-- Description of the task --
Give the line with "그런 다음 저는 위 자료를" again, along with every line below it to the end of the records, word for word.
=== Begin Enclosure ===
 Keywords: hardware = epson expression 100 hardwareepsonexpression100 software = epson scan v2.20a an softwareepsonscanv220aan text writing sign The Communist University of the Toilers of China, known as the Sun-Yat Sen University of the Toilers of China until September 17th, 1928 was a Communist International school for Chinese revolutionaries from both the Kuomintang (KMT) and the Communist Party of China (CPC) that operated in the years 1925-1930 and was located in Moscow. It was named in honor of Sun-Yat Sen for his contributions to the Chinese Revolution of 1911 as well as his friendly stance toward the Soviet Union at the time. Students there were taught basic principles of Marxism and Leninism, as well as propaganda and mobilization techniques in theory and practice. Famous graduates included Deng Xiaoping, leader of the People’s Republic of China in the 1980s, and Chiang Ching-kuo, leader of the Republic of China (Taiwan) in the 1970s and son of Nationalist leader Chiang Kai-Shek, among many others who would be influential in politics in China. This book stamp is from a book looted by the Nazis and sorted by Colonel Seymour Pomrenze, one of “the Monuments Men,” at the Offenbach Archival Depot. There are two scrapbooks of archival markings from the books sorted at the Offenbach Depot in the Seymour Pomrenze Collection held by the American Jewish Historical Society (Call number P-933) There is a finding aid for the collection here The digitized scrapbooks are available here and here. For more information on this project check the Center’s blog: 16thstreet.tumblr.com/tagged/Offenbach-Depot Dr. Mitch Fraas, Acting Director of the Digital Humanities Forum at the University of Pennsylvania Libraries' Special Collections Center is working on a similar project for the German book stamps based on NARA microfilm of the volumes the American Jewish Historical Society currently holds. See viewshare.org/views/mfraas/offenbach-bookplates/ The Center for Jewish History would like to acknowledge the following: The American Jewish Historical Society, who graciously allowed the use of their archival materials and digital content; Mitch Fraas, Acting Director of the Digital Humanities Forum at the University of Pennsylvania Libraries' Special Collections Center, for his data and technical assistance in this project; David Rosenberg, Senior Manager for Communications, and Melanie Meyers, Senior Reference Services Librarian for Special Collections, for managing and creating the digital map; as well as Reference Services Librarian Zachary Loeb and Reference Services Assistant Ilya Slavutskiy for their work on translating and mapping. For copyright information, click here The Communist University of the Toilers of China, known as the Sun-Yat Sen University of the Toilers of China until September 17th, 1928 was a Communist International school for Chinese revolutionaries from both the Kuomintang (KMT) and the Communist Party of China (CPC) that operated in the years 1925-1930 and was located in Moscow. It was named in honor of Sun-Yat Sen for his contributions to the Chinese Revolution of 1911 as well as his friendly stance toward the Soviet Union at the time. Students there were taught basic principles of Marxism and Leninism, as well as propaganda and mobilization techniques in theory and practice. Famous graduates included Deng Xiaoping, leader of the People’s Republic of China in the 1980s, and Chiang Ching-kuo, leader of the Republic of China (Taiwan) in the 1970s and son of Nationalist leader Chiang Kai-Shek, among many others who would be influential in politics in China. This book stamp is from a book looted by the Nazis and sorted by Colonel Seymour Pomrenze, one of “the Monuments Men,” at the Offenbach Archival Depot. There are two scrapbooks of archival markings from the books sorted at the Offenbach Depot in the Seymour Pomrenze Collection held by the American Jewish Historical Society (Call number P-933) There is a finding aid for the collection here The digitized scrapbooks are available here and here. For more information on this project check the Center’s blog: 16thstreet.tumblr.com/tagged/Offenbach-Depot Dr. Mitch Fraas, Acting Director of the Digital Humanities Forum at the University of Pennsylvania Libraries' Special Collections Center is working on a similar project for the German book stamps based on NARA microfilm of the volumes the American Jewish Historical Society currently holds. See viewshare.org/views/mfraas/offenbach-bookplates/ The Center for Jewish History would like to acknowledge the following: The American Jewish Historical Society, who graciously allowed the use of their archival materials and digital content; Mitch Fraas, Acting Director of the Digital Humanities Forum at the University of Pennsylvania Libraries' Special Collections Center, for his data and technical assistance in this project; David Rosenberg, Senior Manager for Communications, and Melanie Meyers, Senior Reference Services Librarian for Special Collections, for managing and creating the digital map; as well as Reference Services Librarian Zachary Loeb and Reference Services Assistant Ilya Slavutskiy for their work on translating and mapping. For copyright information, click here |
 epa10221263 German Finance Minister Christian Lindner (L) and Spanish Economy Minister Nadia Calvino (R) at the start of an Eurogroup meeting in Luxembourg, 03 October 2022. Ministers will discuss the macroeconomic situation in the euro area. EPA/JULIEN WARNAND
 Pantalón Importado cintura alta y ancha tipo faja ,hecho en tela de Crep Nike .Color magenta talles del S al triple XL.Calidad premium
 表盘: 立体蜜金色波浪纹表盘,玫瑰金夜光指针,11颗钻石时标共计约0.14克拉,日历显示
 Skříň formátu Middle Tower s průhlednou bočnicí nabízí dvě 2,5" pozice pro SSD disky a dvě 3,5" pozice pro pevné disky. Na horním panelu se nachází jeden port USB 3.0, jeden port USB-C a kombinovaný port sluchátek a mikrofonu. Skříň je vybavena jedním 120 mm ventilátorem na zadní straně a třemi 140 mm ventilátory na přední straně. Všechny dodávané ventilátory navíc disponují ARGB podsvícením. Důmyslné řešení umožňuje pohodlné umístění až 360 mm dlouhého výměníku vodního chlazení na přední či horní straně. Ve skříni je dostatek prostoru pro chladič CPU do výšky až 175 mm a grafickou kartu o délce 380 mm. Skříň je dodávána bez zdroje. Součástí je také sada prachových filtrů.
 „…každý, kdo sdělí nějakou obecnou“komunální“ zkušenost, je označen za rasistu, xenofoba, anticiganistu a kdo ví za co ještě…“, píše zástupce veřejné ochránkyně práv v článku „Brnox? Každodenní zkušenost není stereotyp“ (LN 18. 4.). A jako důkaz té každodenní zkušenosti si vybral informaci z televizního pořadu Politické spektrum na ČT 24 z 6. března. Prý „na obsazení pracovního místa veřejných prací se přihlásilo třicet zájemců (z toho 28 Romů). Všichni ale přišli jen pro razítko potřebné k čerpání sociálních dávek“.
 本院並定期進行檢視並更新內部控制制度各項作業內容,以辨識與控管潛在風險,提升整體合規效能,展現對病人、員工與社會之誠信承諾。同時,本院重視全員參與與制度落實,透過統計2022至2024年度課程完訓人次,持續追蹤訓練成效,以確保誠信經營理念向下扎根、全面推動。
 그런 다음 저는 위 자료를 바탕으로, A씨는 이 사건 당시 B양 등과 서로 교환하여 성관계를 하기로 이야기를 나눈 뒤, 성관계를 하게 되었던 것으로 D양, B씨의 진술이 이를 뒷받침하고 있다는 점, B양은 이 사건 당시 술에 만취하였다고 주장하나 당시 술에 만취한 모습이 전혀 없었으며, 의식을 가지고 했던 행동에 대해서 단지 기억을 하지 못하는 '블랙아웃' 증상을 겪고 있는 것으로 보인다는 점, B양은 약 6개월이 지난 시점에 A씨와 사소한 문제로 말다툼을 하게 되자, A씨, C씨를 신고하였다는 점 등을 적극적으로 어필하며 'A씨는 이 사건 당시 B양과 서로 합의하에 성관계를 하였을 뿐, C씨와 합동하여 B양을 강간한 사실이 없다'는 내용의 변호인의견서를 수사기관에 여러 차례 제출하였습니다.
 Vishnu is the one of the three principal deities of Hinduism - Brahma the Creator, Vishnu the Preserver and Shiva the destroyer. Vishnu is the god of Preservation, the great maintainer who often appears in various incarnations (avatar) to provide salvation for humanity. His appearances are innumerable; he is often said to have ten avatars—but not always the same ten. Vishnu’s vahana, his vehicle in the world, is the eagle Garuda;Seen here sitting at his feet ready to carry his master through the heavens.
=== End Enclosure ===
-- Response to this exercise --
 그런 다음 저는 위 자료를 바탕으로, A씨는 이 사건 당시 B양 등과 서로 교환하여 성관계를 하기로 이야기를 나눈 뒤, 성관계를 하게 되었던 것으로 D양, B씨의 진술이 이를 뒷받침하고 있다는 점, B양은 이 사건 당시 술에 만취하였다고 주장하나 당시 술에 만취한 모습이 전혀 없었으며, 의식을 가지고 했던 행동에 대해서 단지 기억을 하지 못하는 '블랙아웃' 증상을 겪고 있는 것으로 보인다는 점, B양은 약 6개월이 지난 시점에 A씨와 사소한 문제로 말다툼을 하게 되자, A씨, C씨를 신고하였다는 점 등을 적극적으로 어필하며 'A씨는 이 사건 당시 B양과 서로 합의하에 성관계를 하였을 뿐, C씨와 합동하여 B양을 강간한 사실이 없다'는 내용의 변호인의견서를 수사기관에 여러 차례 제출하였습니다.
 Vishnu is the one of the three principal deities of Hinduism - Brahma the Creator, Vishnu the Preserver and Shiva the destroyer. Vishnu is the god of Preservation, the great maintainer who often appears in various incarnations (avatar) to provide salvation for humanity. His appearances are innumerable; he is often said to have ten avatars—but not always the same ten. Vishnu’s vahana, his vehicle in the world, is the eagle Garuda;Seen here sitting at his feet ready to carry his master through the heavens.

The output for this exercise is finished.